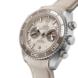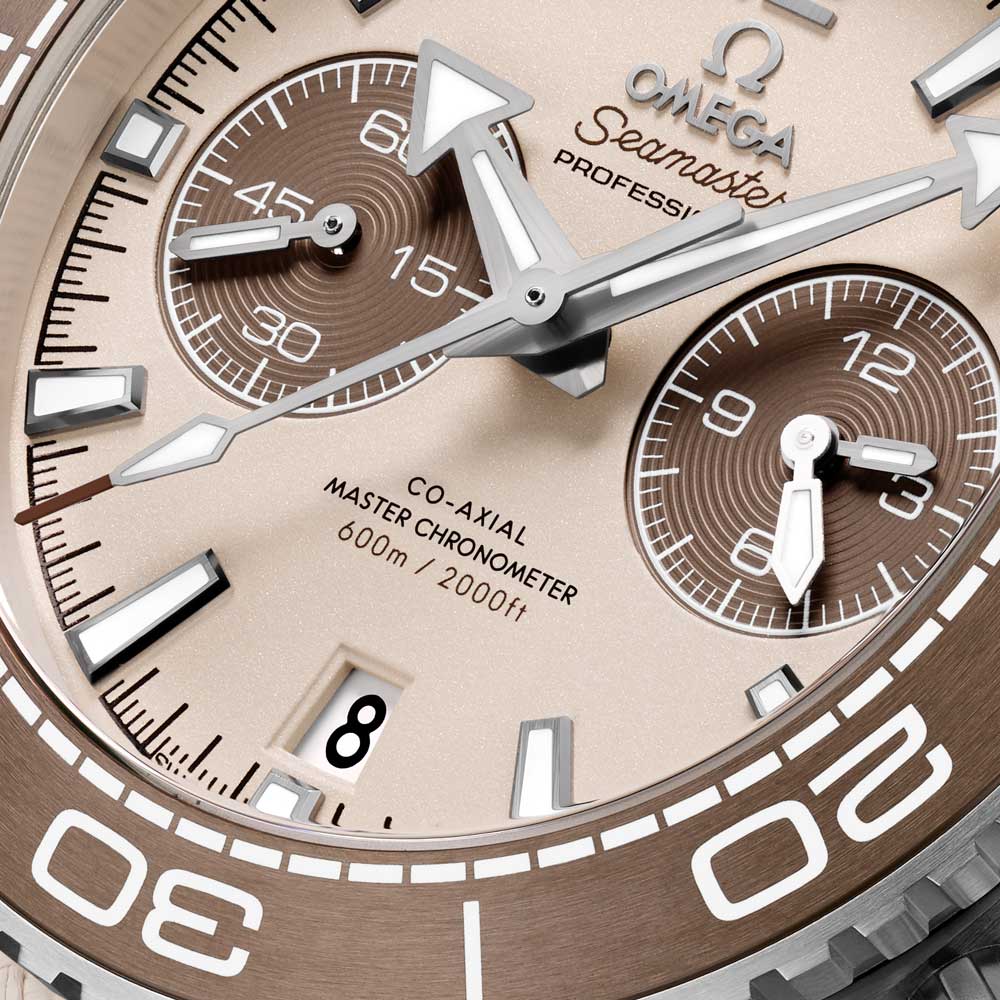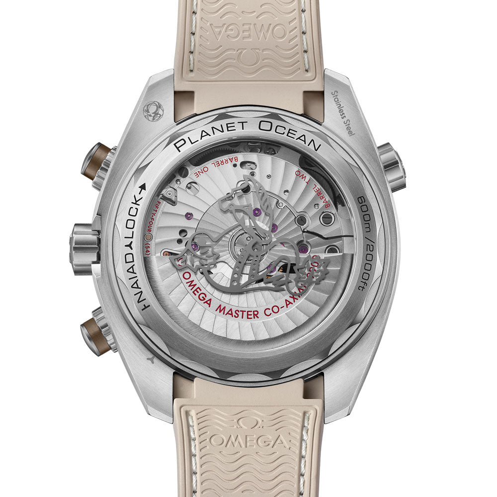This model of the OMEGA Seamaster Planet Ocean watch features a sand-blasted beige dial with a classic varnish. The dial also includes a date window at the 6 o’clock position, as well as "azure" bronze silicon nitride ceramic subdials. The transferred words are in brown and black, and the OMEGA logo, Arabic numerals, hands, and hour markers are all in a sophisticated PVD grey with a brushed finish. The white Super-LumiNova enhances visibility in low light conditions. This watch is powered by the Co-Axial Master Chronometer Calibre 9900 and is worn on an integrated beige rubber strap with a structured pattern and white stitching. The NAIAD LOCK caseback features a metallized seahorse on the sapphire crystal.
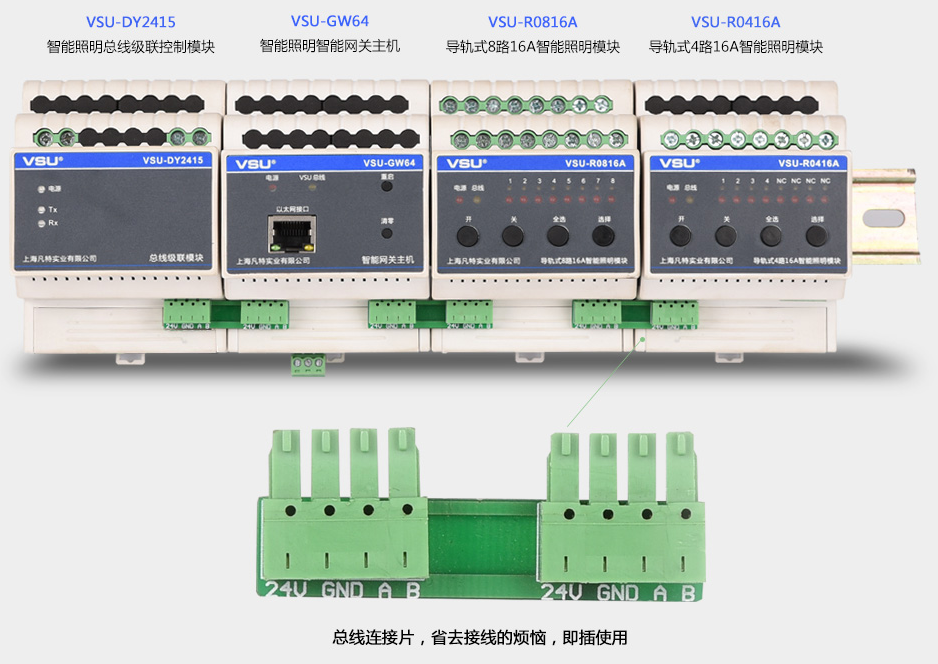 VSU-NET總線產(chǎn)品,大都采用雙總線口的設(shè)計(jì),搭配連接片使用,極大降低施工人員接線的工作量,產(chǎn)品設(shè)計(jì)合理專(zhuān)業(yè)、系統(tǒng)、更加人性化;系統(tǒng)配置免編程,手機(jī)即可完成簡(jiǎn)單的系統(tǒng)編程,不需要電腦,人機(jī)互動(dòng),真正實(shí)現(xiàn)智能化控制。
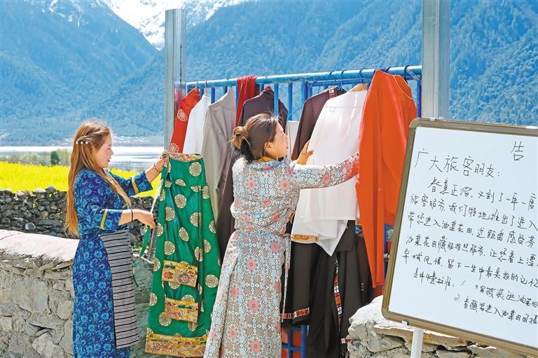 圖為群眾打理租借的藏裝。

Instructions for the task. All the material above must be copied exactly, and no picture belongs in the copy.

Your response.
This model of the OMEGA Seamaster Planet Ocean watch features a sand-blasted beige dial with a classic varnish. The dial also includes a date window at the 6 o’clock position, as well as "azure" bronze silicon nitride ceramic subdials. The transferred words are in brown and black, and the OMEGA logo, Arabic numerals, hands, and hour markers are all in a sophisticated PVD grey with a brushed finish. The white Super-LumiNova enhances visibility in low light conditions. This watch is powered by the Co-Axial Master Chronometer Calibre 9900 and is worn on an integrated beige rubber strap with a structured pattern and white stitching. The NAIAD LOCK caseback features a metallized seahorse on the sapphire crystal.
 VSU-NET總線產(chǎn)品,大都采用雙總線口的設(shè)計(jì),搭配連接片使用,極大降低施工人員接線的工作量,產(chǎn)品設(shè)計(jì)合理專(zhuān)業(yè)、系統(tǒng)、更加人性化;系統(tǒng)配置免編程,手機(jī)即可完成簡(jiǎn)單的系統(tǒng)編程,不需要電腦,人機(jī)互動(dòng),真正實(shí)現(xiàn)智能化控制。
 圖為群眾打理租借的藏裝。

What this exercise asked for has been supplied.